Химик покачал головой.
— Раньше я этого не видел, правда, я особо и не приглядывался.
Смит молчал. Он отошёл назад и приблизился к термостату — прямоугольной коробочке с тонкими металлическими стенками.
— Ну а это что такое?! — Смит мягко коснулся пальцем стенки термостата. В металле тоже было маленькое аккуратное отверстие.
Глаза химика расширились.
— Раньше этого точно не было.
— Хм. А с вашей стороны есть отверстие?
— Чёрт побери! Да!
— Хорошо. А теперь взгляните в отверстие.
Он приложил палец к дырке в стене.
— Что вы видите?
— Ваш палец. Вы отметили им отверстие?
Смит говорил спокойно, но видно было, что это давалось ему с трудом.
— Посмотрите в противоположном направлении… Что вы видите теперь?
— Ничего.
— Но это место, где стоял тигель с ураном? Вы смотрите прямо на него, не так ли?
— Я думаю, да, — неуверенно сказал химик.
Быстро взглянув на именную табличку на всё ещё открытой двери, Смит тихо сказал:
— Всё это должно оставаться в строжайшем секрете, мистер Дженингс. Вы меня понимаете?
— Конечно.
— Тогда выйдем отсюда. Лабораторию необходимо проверить на радиацию, а нам придётся обратиться к врачу.
— Вы думаете, возможно облучение? — Химик побледнел.
Увидим.
Однако серьёзных следов облучения ни у одного из них не нашли. Кровяные тельца были в норме, ничего не показало и исследование корней волос.
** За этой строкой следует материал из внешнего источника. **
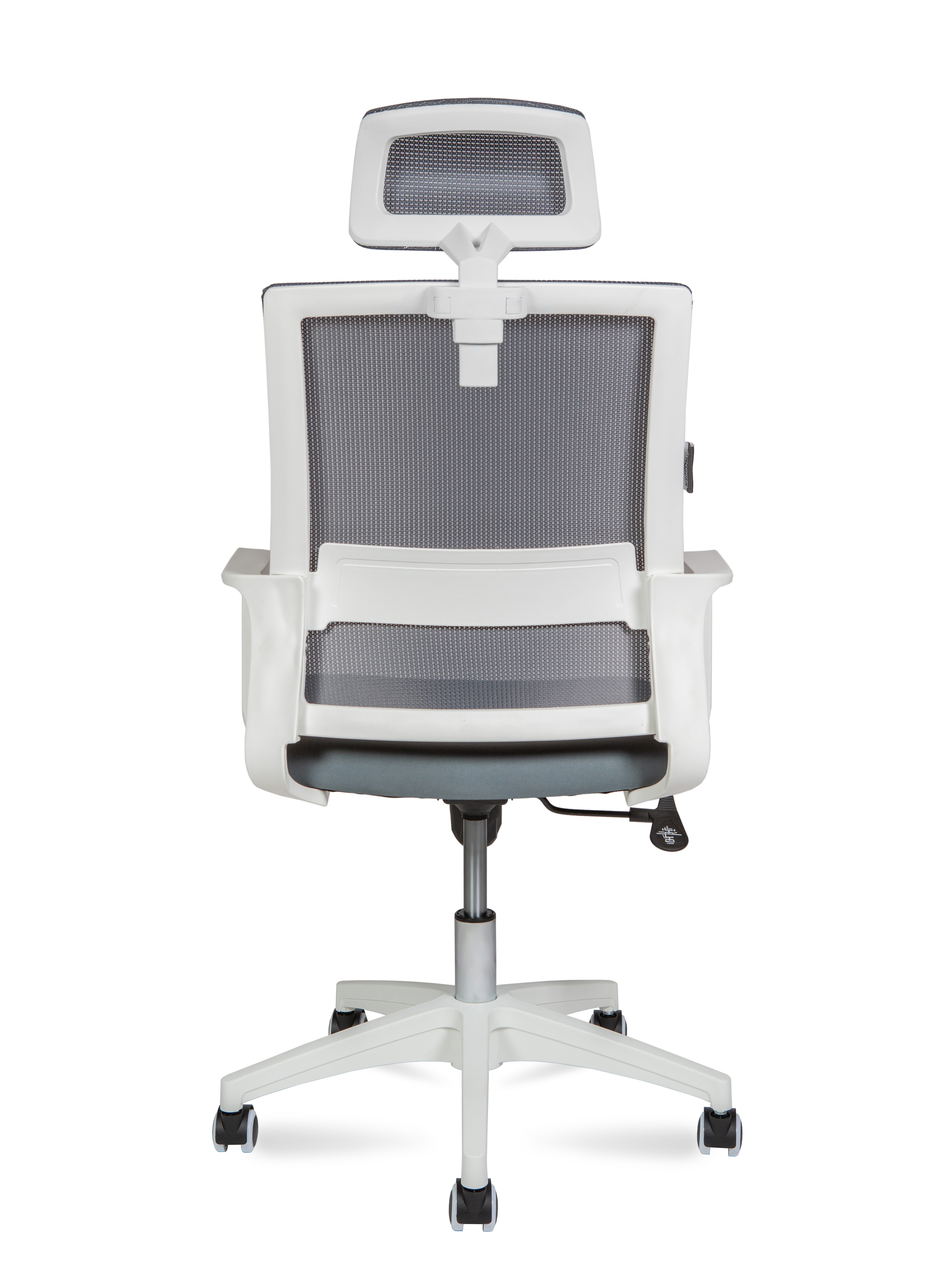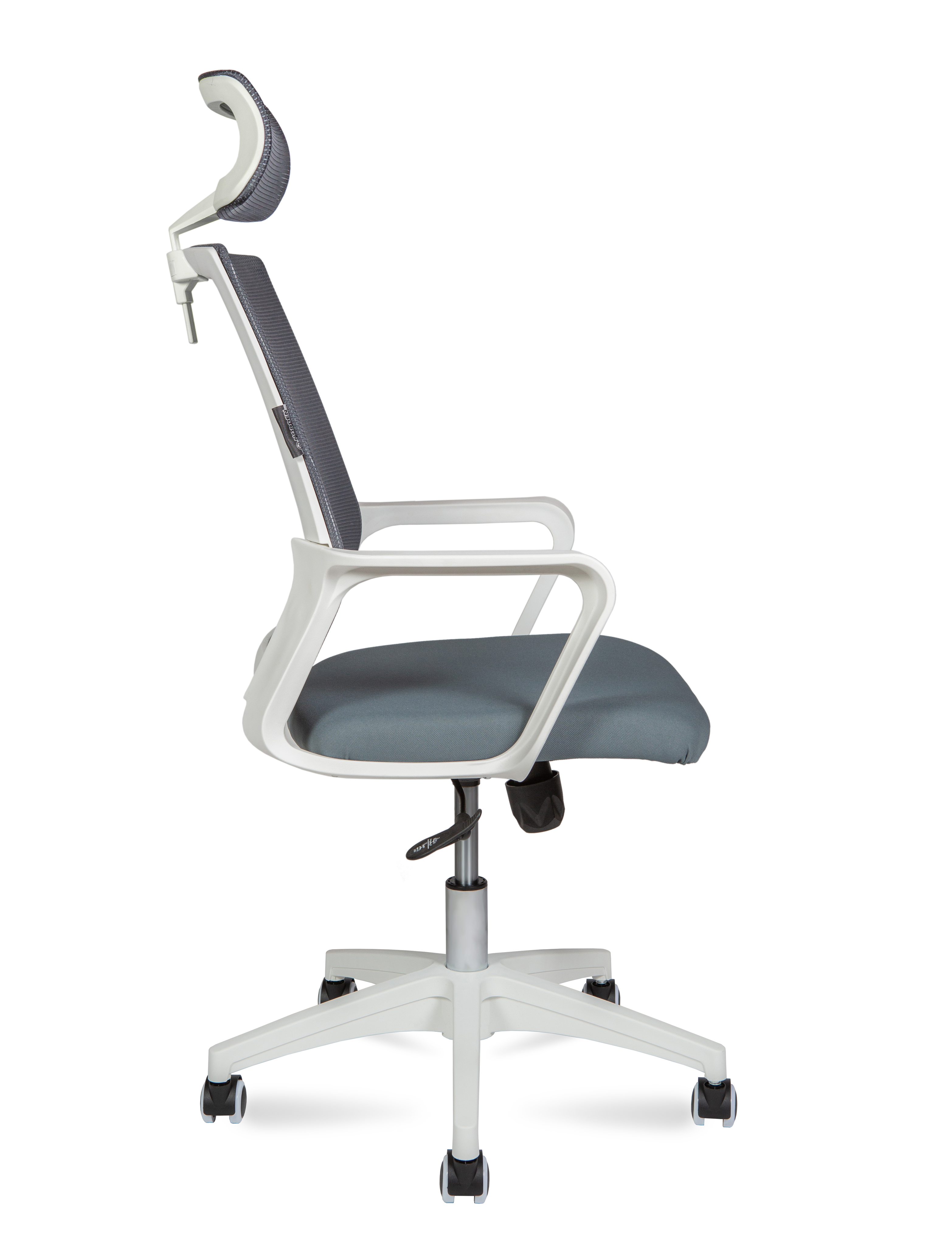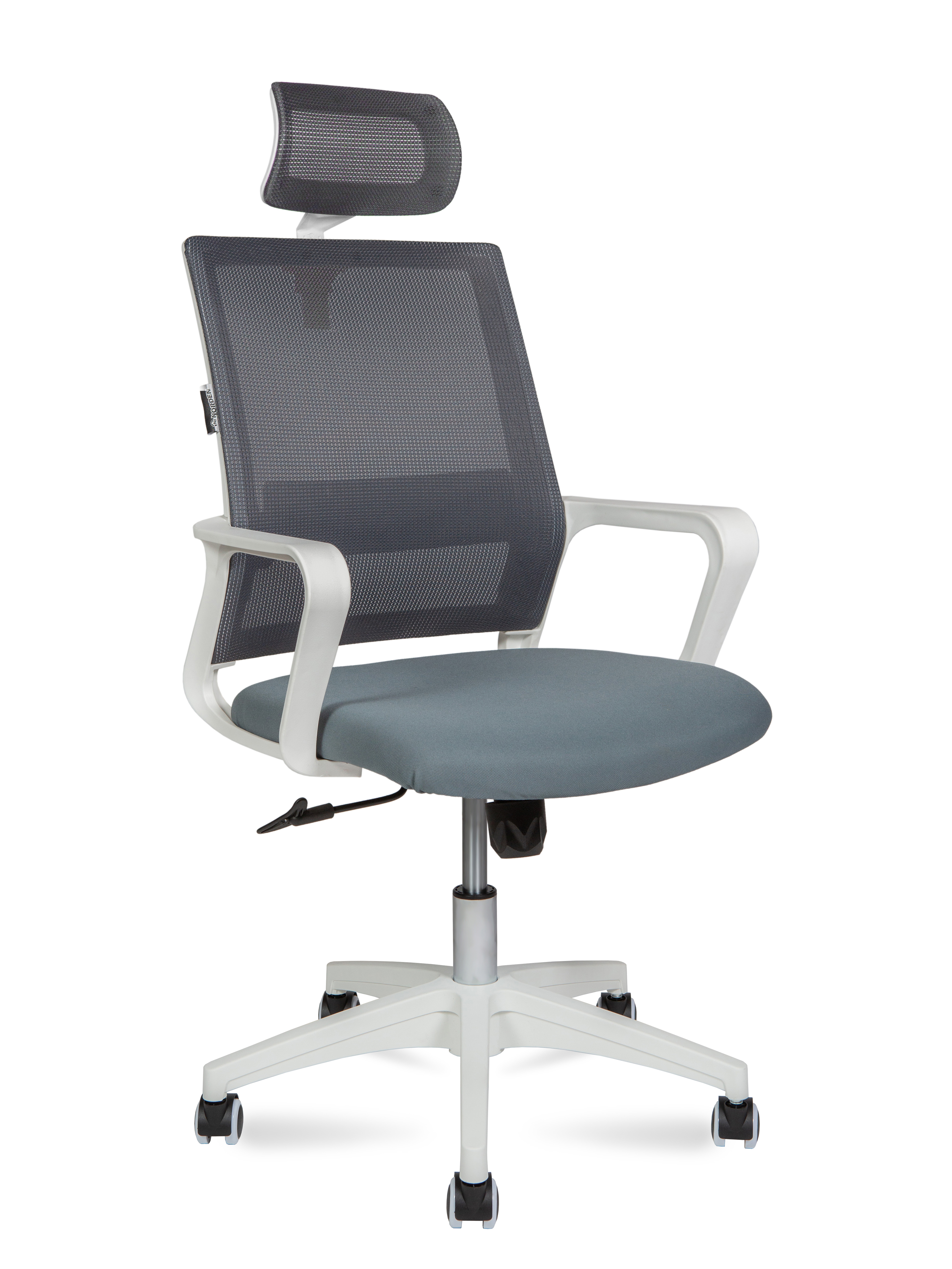 Кресло офисное Норден / Бит / белый пластик / серая сетка / темно серая ткань

Никто в институте так и не смог объяснить, почему тигель с ураном при массе гораздо ниже критической, не подвергавшийся бомбардировке нейронами, неожиданно стал источником жёсткой радиации.
В составленном отчете доктор Смит не сообщил всей правды. Он не упомянул об отверстиях в лаборатории и о том, что ближайшее к тиглю отверстие было едва заметно, следующее, на другой стороне термостата, было чуть больше, отверстие же в стене, удаленное на расстояние в три раза большее, имело диаметр крупного гвоздя.
Луч, движущийся по прямой линии, может пройти несколько миль, прежде чем кривизна Земли сделает невозможным его дальнейшее движение, а значит, и разрушение, и достигнет к тому времени десяти футов в диаметре, после чего направится в космос, расширяясь и слабея.